Having accepted Rahul's assertion that this scheme is feasible, the second apprehension circles around identification of the beneficiary. Poorest 20 per cent sounds ambiguous. Moreover, this bracket is below the controversial poverty line, and hence ignores all those who are above its ambit but still below the poverty line. And, not just those but families that are barely above the line and still fall in need of government for economic support schemes. Income data surveys will be needed and extensive identification process will be required to be undertaken to resolve this and the biggest problem that stands tall like a wall to this identification process is the fact that maximum Indians are involved in the informal sector where the income meanders every day. Peculiarities surround NYAY and only discussions will reveal the actual picture. On the other hand, Congress could have tried employment guarantee scheme again – reinvigorating their previous efforts. Surging new life in MGNREGA could have also answered similar questions that exist under the Modi regime. Unemployment, being a direct issue, would also make it an apt manifesto agenda while tackling the monetary issue with regard to poverty.

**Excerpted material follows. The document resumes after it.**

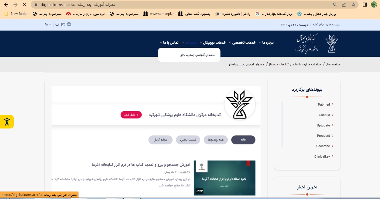 خودآموزی تخصصی از طریق فضای مجازی با دو روش دیگر نیز در کتابخانه های دانشگاه صورت می گیرد. در وب سایت کتابخانه دیجیتال محتواهای آموزشی مختلف، تهیه و به روزرسانی می شود. از جمله راهنماهای آموزشی استفاده از پایگاه های اطلاعاتی و نرم افزارهای پژوهشی به صورت تمام متن و نیز ویدئوهای آموزشی موجود در کانال آپارات کتابخانه مرکزی دو روشی هستند که تمامی افراد به راحتی می توانند استفاده کنند.
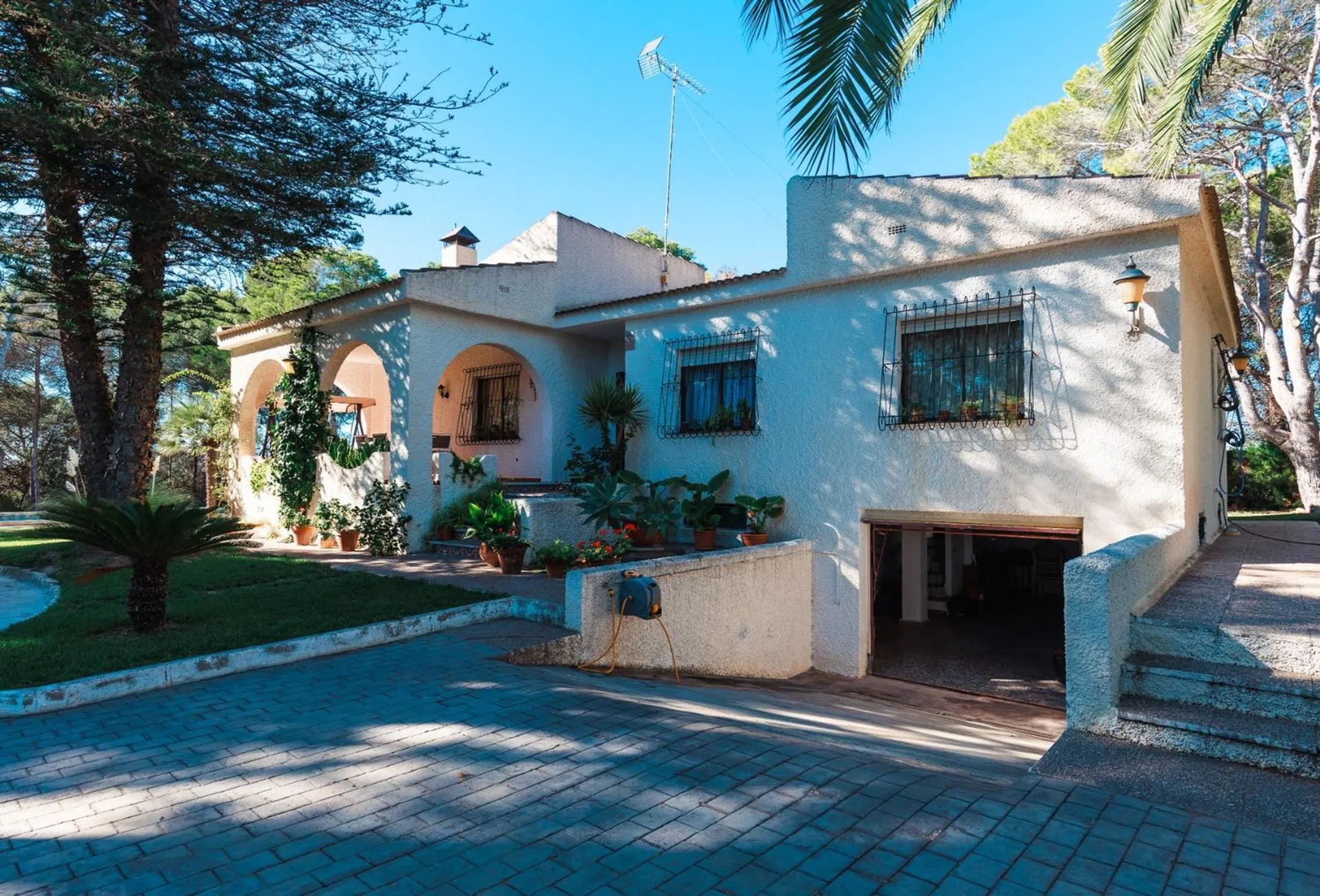 En una posición elevada en Orihuela Costa, esta finca ofrece una privacidad excepcional y una conexión única con la naturaleza. La propiedad se extiende sobre 7.000 m², parte ocupada por un pinar maduro que aporta frescura y sombra, junto a frutales y un césped natural que realzan el auténtico ambiente mediterráneo. La residencia, con una superficie construida de aprox. 230 m² incluyendo patio y garaje subterráneo, fue edificada en los años 80 con una solidez atemporal. Dispone actualmente de 3 dormitorios, 1 baño, y amplias zonas de estar que se abren a las terrazas exteriores. La piscina privada invita al descanso, con vistas al paisaje circundante y al mar en el horizonte. La finca cuenta además con suministro propio de agua gratuita para el riego y la piscina — un recurso valioso que garantiza bajos costes de mantenimiento y un jardín siempre verde durante todo el año. A pesar de su entorno natural, la propiedad disfruta de proximidad inmediata a la infraestructura social y técnica, a zonas de compras y ocio, y se encuentra a tan solo 5 minutos en coche de las playas de Orihuela Costa. Una propiedad que combina la tranquilidad de un refugio natural con la comodidad de la vida costera — una oportunidad discreta para quienes buscan espacio, privacidad y autenticidad en la Costa Blanca. En un futuro próximo está prevista la modificación de la clasificación y del uso permitido del terreno, pasando de “rústico” a “suelo urbano”, lo que aumentará de forma considerable su potencial y valor.

NYAY, a derivative of UBI, does provide financial support but nothing else. This support still leaves the poor without work or informal work with the onus of finding one on the beneficiary alone. An income support scheme in this regard gets eclipsed by an employment guarantee scheme because the latter provides for a job, money while implicitly increasing nation's workforce or asset (as per economics). There are many questions that remain unanswered as far as NYAY is concerned with uncertainty revolving around exactly what will be the compensation for pulling off this unprecedented scheme for the poor in fiscal terms. The other angle is writing off other schemes which will again be contentious. At this juncture, curiosity hovers whether Congress is serious with its "final assault on poor" or is it just rallying around supposedly utopian methods to pull the voters on its side and register a landslide victory, marking an end to NDA's era. If the latter turns out to be true then it would not be any better than the previous five years for the poor since NDA or UPA, BJP or Congress, it is the same narrative term after term – the poor remains poor with the rich-poor disparity in wealth widening like an obese person!